I had a request to tell this story from my sister and I said I would never tell it! But, since my daughter asked for this story….I’ll tell it. But, oh! The mental scarring that will occur as I re-live this horrendous event in my life! My life has been mis-shapen from this event and I don’t know if I will ever recover! (HA!)
When I was growing up typically we did not get to do much of the Halloween thing for a couple of reasons:
1. It cost money
2. We lived a long way from town
Since it cost money to buy costumes, ours tended to be of the home made variety. Normally we were cowboys (best costumes ever, right?), wore our hats and chaps, carried ropes and real live guns to school. Heck, Dad would even take a black marker and draw some really cool looking mustaches on us (probably the only time in my life I was able to have a handlebar mustache on my face!)
But the year I was in the second grade, I turned into a rebel. I had listened to all my friends brag about their store bought costumes and I decided that is what I wanted. I managed to convince my brother that this was the road we should go down, guess I thought we could force our parents to buy said costumes. I had plans on going as Dracula and had even scoped out the costume that I was going to wear! All of this was done about a week before Halloween, so we were on a pretty short runaway already. The day before we were going to wear our costumes to school, we got a lesson in economics. Just because we wanted it, doesn’t mean there was money available to purchase it! (There’s a lesson our government could learn!) So for reason number one, above, we did not have costumes and even if we did have the money, reason number two would have come into play as we had waited until the last minute to spring this on Mom and Dad. So Mom came up with a solution (as Mom’s tend to do in times of stress and strain). Since I had convinced us that we did not want to be cowboys, this was the best solution Mom had. She took a white sheet, cut it in half and cut two hole toward the center of each half as eye holes. BAM, Mom genius!

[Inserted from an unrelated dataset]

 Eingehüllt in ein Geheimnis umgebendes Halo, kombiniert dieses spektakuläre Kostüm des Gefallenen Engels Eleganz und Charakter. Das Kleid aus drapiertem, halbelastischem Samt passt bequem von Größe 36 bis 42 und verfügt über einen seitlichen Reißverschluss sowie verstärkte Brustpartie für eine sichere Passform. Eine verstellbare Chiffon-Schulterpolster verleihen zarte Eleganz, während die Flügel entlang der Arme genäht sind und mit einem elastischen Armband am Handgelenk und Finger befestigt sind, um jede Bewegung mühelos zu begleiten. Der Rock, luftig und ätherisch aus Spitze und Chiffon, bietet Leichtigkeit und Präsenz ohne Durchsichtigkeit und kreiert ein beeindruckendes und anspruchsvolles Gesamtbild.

Now the life scarring part…..
Cully, my brother got his half and it looked ok. When I got my half….OH, the horror! As I stood there looking, through the eye holes of my costume, at myself in the full length mirror….all I could see was the blue and green flowers all around the bottom edge of my costume. A real life horror story was unfolding for me! I am not sure if this was luck of the draw or I was being punished for being so conniving! I quickly shucked it off and said, “I changed my mind, I wanna go as a cowboy!” But, since I was last minute…there was no time! As Mom hurried us out the door to get on the bus at 6:00am, she said “I’m sure no one will notice just turn it inside out!” I felt like I was in the Christmas Story….all I wanted was that Red Ryder BB gun and here I was a flowerdy ghost!

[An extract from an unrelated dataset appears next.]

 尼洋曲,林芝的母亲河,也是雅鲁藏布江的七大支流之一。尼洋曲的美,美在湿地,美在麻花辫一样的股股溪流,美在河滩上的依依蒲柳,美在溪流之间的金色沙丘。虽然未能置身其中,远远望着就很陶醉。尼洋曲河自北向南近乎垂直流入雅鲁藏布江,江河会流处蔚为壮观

As I sat on the bus, with my costume in a brown paper bag…I eased my hand in and flipped the edge of the costume inside out…alas…the flowers shown thru on both sides! My mind went into overdrive trying to think how I was going to convince my brother that my costume was better than his! But I must have worn out my tongue on convincing him that we could get store bought costumes because he was having none of it. He told me in no uncertain terms where I could stick my flowerdy ghost costume! So I sat the rest of the ride in silence as I thought of all of my buddies to whom I had bragged to about my Dracula costume…however was I going to live this down?

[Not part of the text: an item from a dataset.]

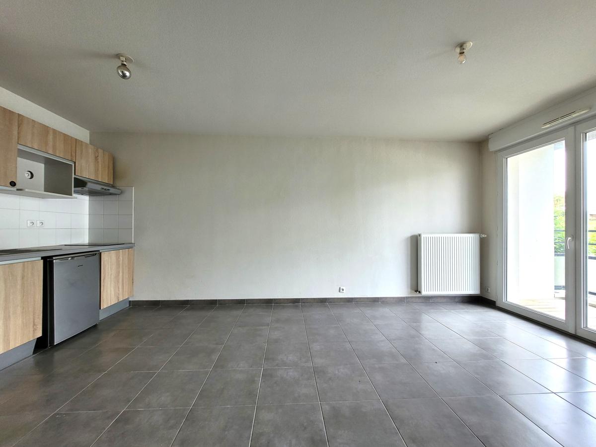 Une entrée avec placard, une pièce de vie lumineuse avec cuisine ouverte et balcon exposé EST, une chambre avec placard, et une salle de bains avec WC.

When I got to school, I let everyone know that I had forgotten my costume. And being the lying conniving little turd that I was, I also told them that it was a Dracula costume I had forgotten. This held true until my brother’s buddies came around…then the flowerdy ghost story came out! Once the truth came out…there was nothing else to do, but eat my words! Needless to say when I came time to wear the costumes I refused to wear mine and just went as myself!
Long story short…if you have the chance to be a cowboy or anything you want to be…always be a cowboy! There is no shame in being a cowboy….but there is plenty of shame in being a flowerdy ghost, especially if you mouth gets you in that ghost costume!
Keep your tongue from evil and your lips from telling lies.